I don’t have a solution. I started this whole conversation by simply answering “why being intersex is different from having scoliosis”, and we are at this point where you proposed a completely alternative way to slice competitions in sports. In my opinion your solution is impractical at least, let alone there might be tens of scientific issues that I am not aware of. A quick search shows that your idea has been suggested already in informal conversations, and even in a non-scientific forum received objections of missing advantages deriving from hemoglobin, reaction times, biomechanical advantages and sizes, all properties for which sex is a good proxy. This should be addressed somehow, and I am not in a position to do that, I am simply not an expert. That said, I am not against finding a better way to make sport both inclusive and fair/entertaining in principle. I simply believe, based on some reading and a basic understanding that your suggestion might not be it.

Thanks for the head’s up!

Are you misunderstanding my argument on purpose?

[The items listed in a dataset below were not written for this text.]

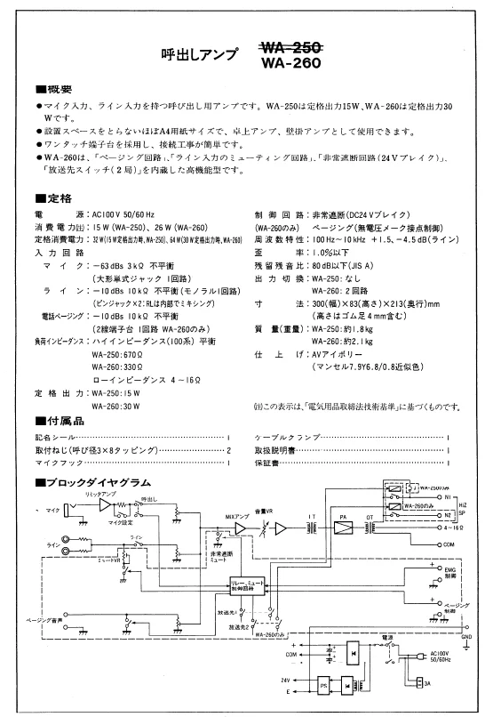 WA-260 呼出しアンプ(多機能タイプ) 30 W
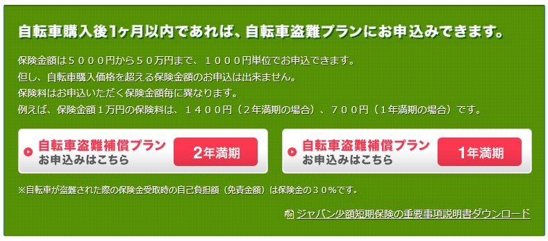 その他にケガ・個人賠償の補償に加えて、各プランには自転車盗難の補償が付けられます。自転車を購入してから1ヶ月以内の場合のみ加入でき、自転車を盗難されると保険金(5000円~50万円)が受け取れます。
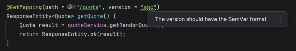 可以在@GetMapping注解中的版本号上按住 Ctrl 键点击,直接跳转至配置代码。IDE 还会检查你的版本值是否遵循标准的 SemVer 规则。
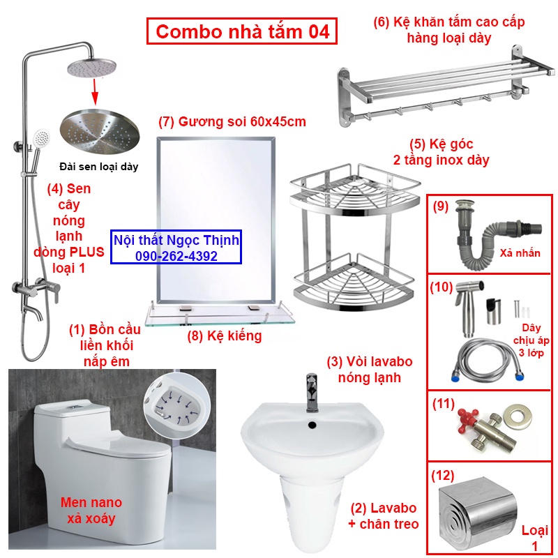 Giới thiệu Combo trọn bộ thiết bị nhà tắm cao cấp đầy đủ lắp sử dụng ngay - Bồn cầu men nano cao cấp, kèm sen vòi nóng lạnh
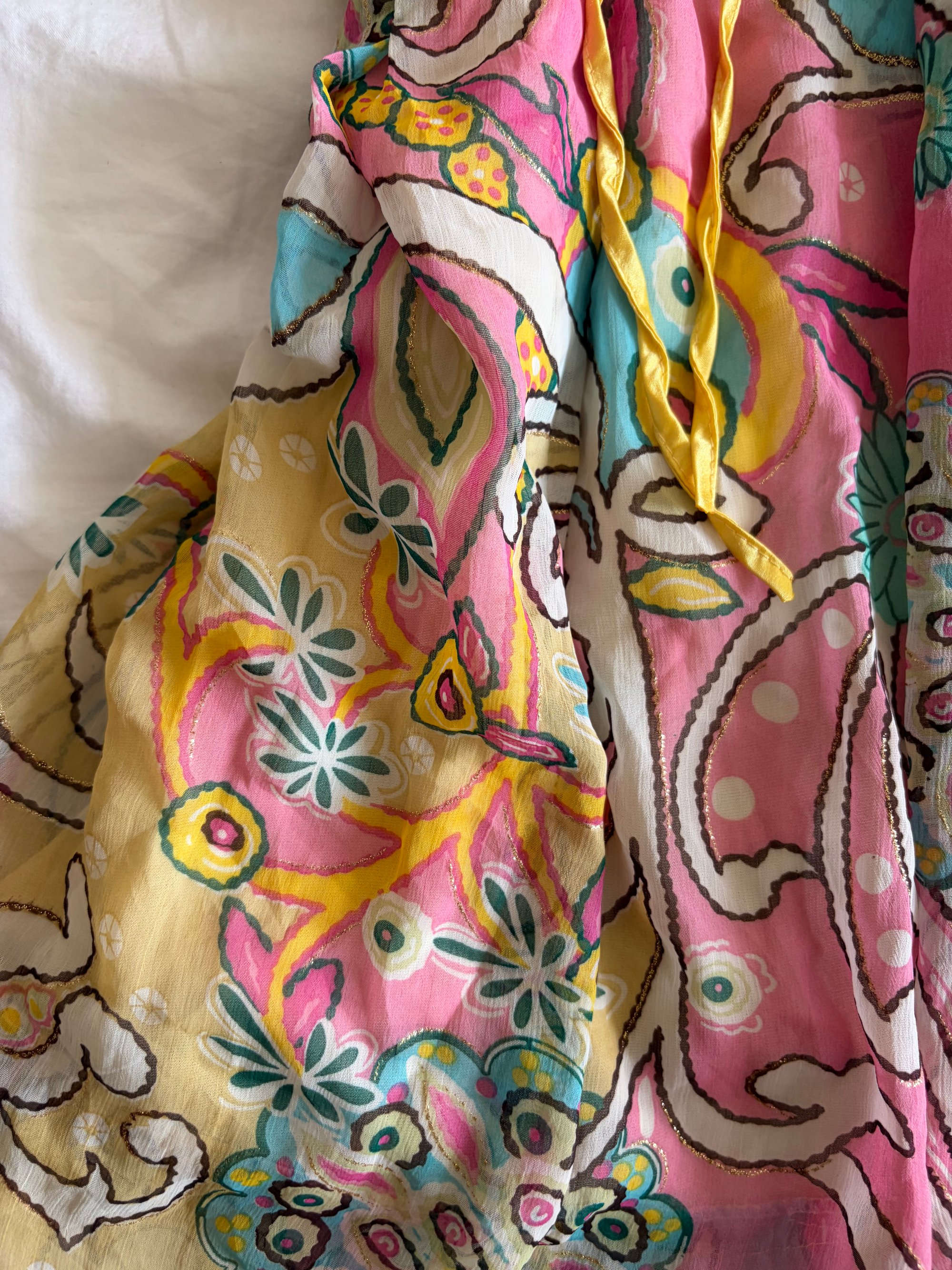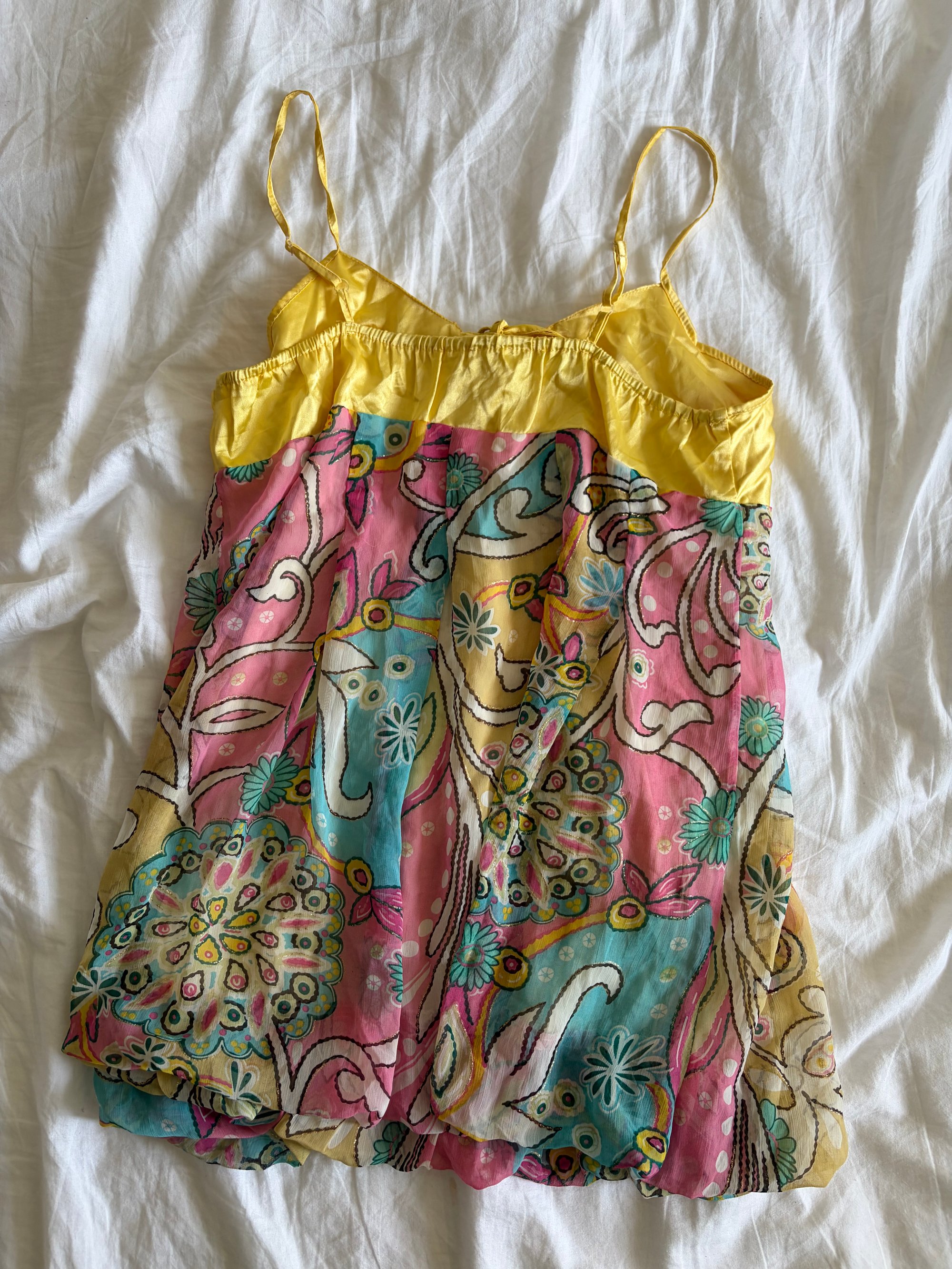 Vintage Y2K yellow fairy floral sparkly cami with balloon hem
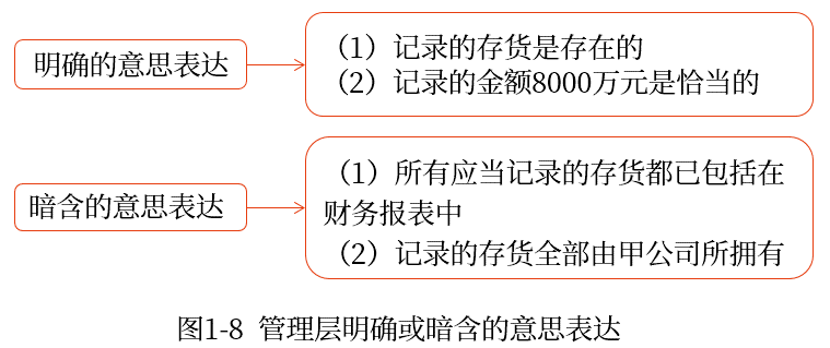 明確或暗含的意思表達的舉例。比如,甲公司2023年12月31日資產(chǎn)負債表中列示的存貨項目金額為8000萬元,則管理層明確或暗含的意思表達如圖1-8所示。
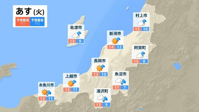 ▼上越市高田 14℃/10℃ ▼佐渡市相川 11℃/9℃
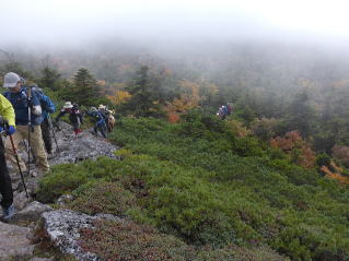 森に囲まれた山頂を10分も下ると途中から木道とまた池塘のある湿原地帯に出会う。そこから来たときと別ルートで天狗岩にある吾妻神社奥の院へ向い、そこで集合写真を撮り、来たコースを戻り北望台へ15:30到着。
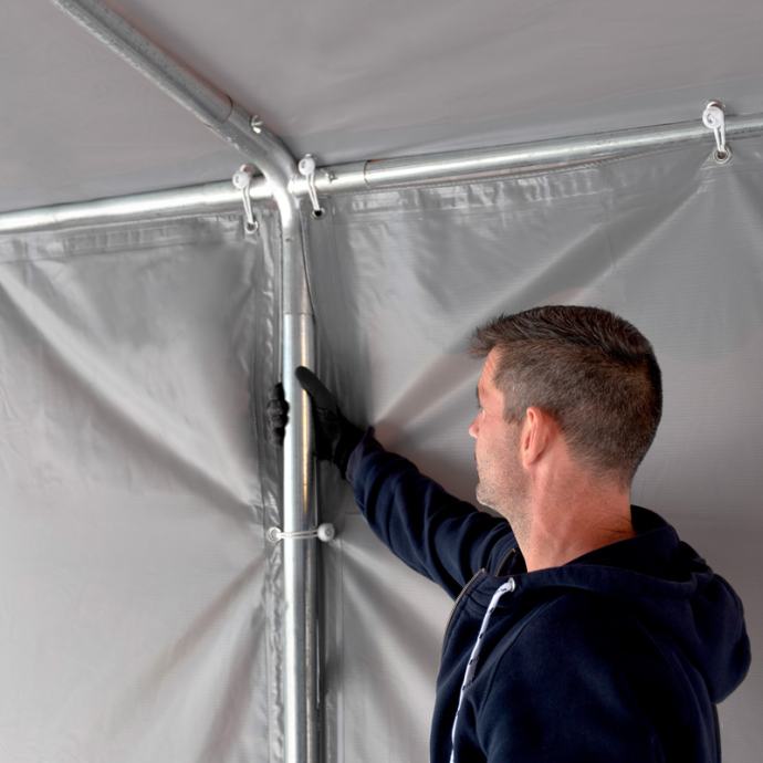 Izrazito robustan, sa podebljanom i pojačanom krovnom i podnom konstrukcijom te cijevima fi 50mm/fi 54mm, koje su potpuno pocinčane i zaštičene od korozije. Kroz rupe u cijevima, dijelovi spojnice čvrsto su spojeni vijcima i maticama. Šator se također može montirati na betonski temelj pomoću ekspanzijskih vijaka ako želite trajnije rješenje.
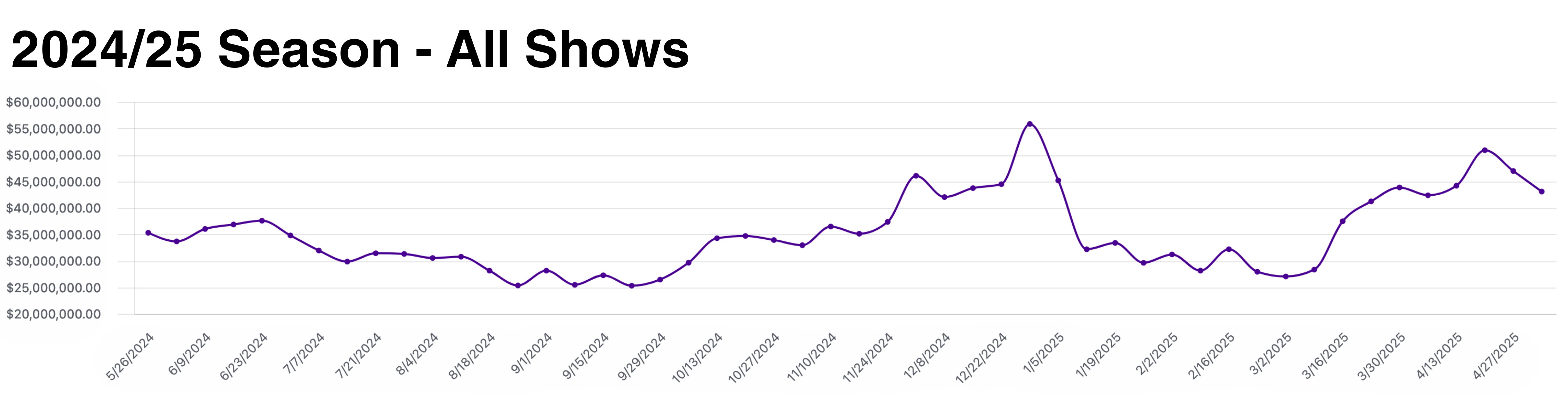 This week there were a total of 40 shows grossing $43,063,490.
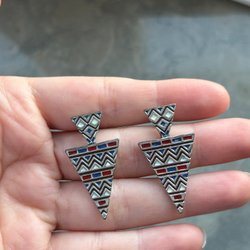 Vintage oorbellen geëmailleerd metaal een stukje van het email weg op een zie foto's
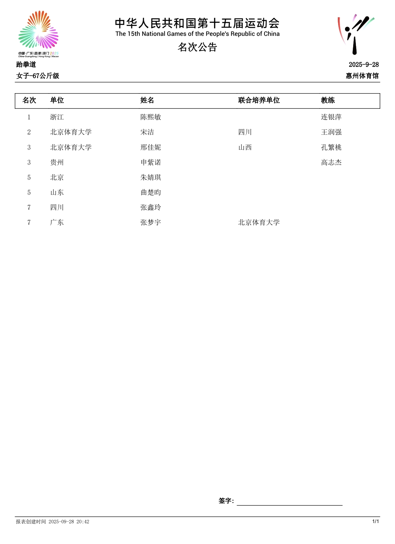【赛事成绩】第十五届全国运动会跆拳道成绩公告(9月28日)
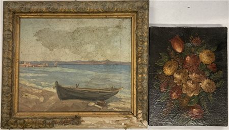 Lotto composto da un dipinto firmato Paul Dahlen raffigurante una marina ed uno di autore diverso raffigurante fiori (difetti)
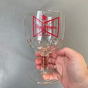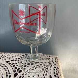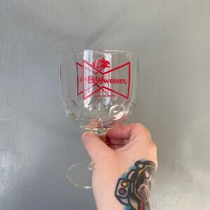 Budweiser Vintage Thumbprint Glass Goblet Red Bowtie Retro Beer Glass
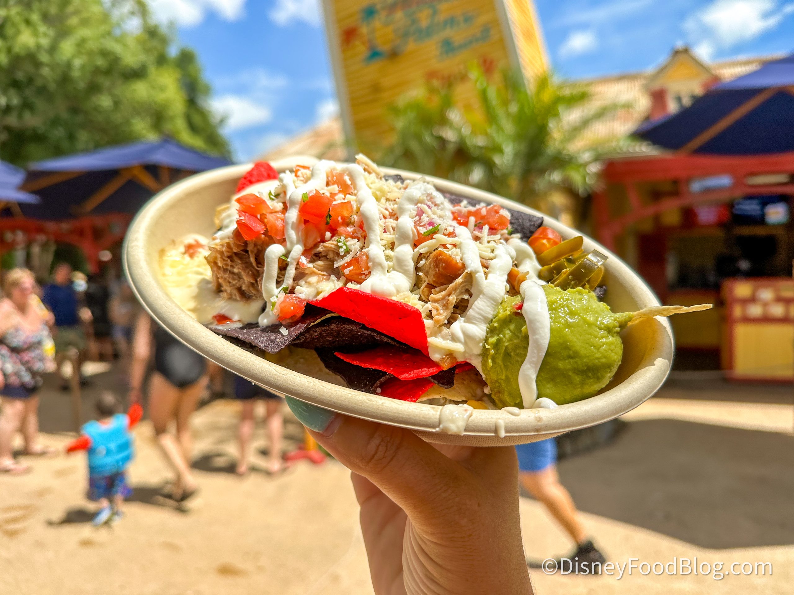 These nachos contain roasted pork over nacho chips with elote cheese sauce, guacamole, sour cream, roasted corn, jalapeños, and Pico de Gallo. They are loaded with fresh toppings and perfect for a quick bite during your day at Typhoon Lagoon.

You and I both know that testosterone is not the only thing. There are people who have different sensitivity (low reception) to it, for example, then there is the problem that testosterone (and probably other stuff too!) has an historical effect on development that is not captured by a snapshot in time. I am not strawmanning, I simply assumed that since both of us know that testosterone level at time T is insufficient data, you would need at least more parameters to make fair categories. If that’s not the case and you actually meant just using testosterone level and weight, than I think this is a bad idea. Actually, I think this is worse than the sex categorisation. This way you are 100% bundling together people with high T and low reception (I.e. didn’t get most of the benefits) with people with low T and high reception. You are also exposing yourself to men artificially lowering testosterone levels after having gotten all the historical developmental advantages to compete in “lower” categories (similarly to how it happens today with weight).

They are only “corner cases” because you define gender as red and yellow and thus leave out orange, green, and purple.

No, I don’t. They are corner cases because we can look at the reality and observe that this is a problem with a relative small incidence. I think your proposal will present way more corner cases and problematic situations.

Swimming is not one of them for fucking sake.

Are you done dancing around rethoric arguments to avoid saying that you were wrong?

Comparing the performance of a non specialized teenager swimmer with that of a specialized adult woman in peak adult performance is a shitty comparison.

This is a fact that can be easily confirmed if you do 10 seconds of research and you check swimming records by age category.

It’s fine, you used as source an article that made this claim based on shitty data, you have been shown that the data was shitty. The mature thing to do is to say “OK, that was a false claim”.